Всё было наоборот, мир такой стоял совковый, зазеркальный, перевёрнутый. В сортире торговали помадой, а писать бегали в наш двор, под сирень.
Всегда вот это ощущение, что советская власть отрицала телесность. Словно человек жил не телом, а лишь духом, несгибаемой волей.
– Да, но это не советское явление – то явление русское. Так называемая духовность, преждевременные попытки жить в духе, как если бы ты уже умер (после чего ты предположительно автоматически начнёшь жить в духе), а не в телесном виде со всеми телесными нуждами, – это на практике страшная вещь. Это практикуют различные секты, и за этот способ существования крепко держалась русская интеллигенция, которая, на мой взгляд, есть разновидность сектантства. Все эти «мы едим, чтобы жить, а не живём, чтобы есть», все эти вечные колиты и гастриты, проистекающие из этих духовных установок, все эти язвы желудка и двенадцатиперстной кишки, понимаемые как стигматы и невидимые сияющие ордена, всё это пренебрежение чудным, ладно сложенным и слаженным человеческим телом – это всё учение «секты интеллигентов». Мало, плохо есть, заживо превращаясь в мощи. Носить рубище. Жить в пыли, не мыть окон. Отрицать всё яркое, блестящее, звонкое, сложно построенное и сложно устроенное. Сюда же, конечно, относится и толстовство как секта – ходить босиком и не есть мяса, гнать хворостиной всякую цивилизацию и искать мутные смыслы в народной непостижимости.

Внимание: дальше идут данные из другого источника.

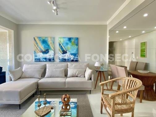 A um quarteirão de distância da praia, esse apartamento mobiliado tem uma vista privilegiada para a mata, dando privacidade e amplitude para toda a área íntima. Ar condicionado em todos os ambientes, cozinha americana e churrasqueira na varanda. Condomínio com lazer completo e serviço de praia.

И в общем, мне понятна эта тяга к надмирным существованиям. Непонятно другое: почему не любить эту, солнечную, телесную часть мира так же, как и ту, теневую, невидимую и воображаемую?
Вы часто пишете про еду, про её приготовление, и рецепты ваши могут превращаться в культурологические эссе и исторические экскурсы. Интересна эта связь еды и мироздания в вашем представлении.
– О связи еды с мирозданием – разговор отдельный. С одной стороны, вот всё вот это – чистка картошки, варка супа, вообще готовка – соединение элементов природы, чтобы они превратились во что-то другое, – это как работа со светилами, созвездиями, таблицей Менделеева, законами мира. Ты создаёшь миры, строишь свою малую галактику. Ты преображаешь один вид энергии в другой. Это надо быть (опять же к вопросу о телесности) глупым интеллигентом, чтобы думать, что еда, приготовление её, творение – это что-то презренное. Эта установка – съесть стоя сухую корку и пойти снова бороться за права людей – это есть гордыня и презрение к человечеству. Моё право и право всех – это вкусно есть и тем самым присоединяться ко всему космосу, потому что пища – это воистину божье творение. Ведь создать тесто, например, – это как создать новую космическую туманность!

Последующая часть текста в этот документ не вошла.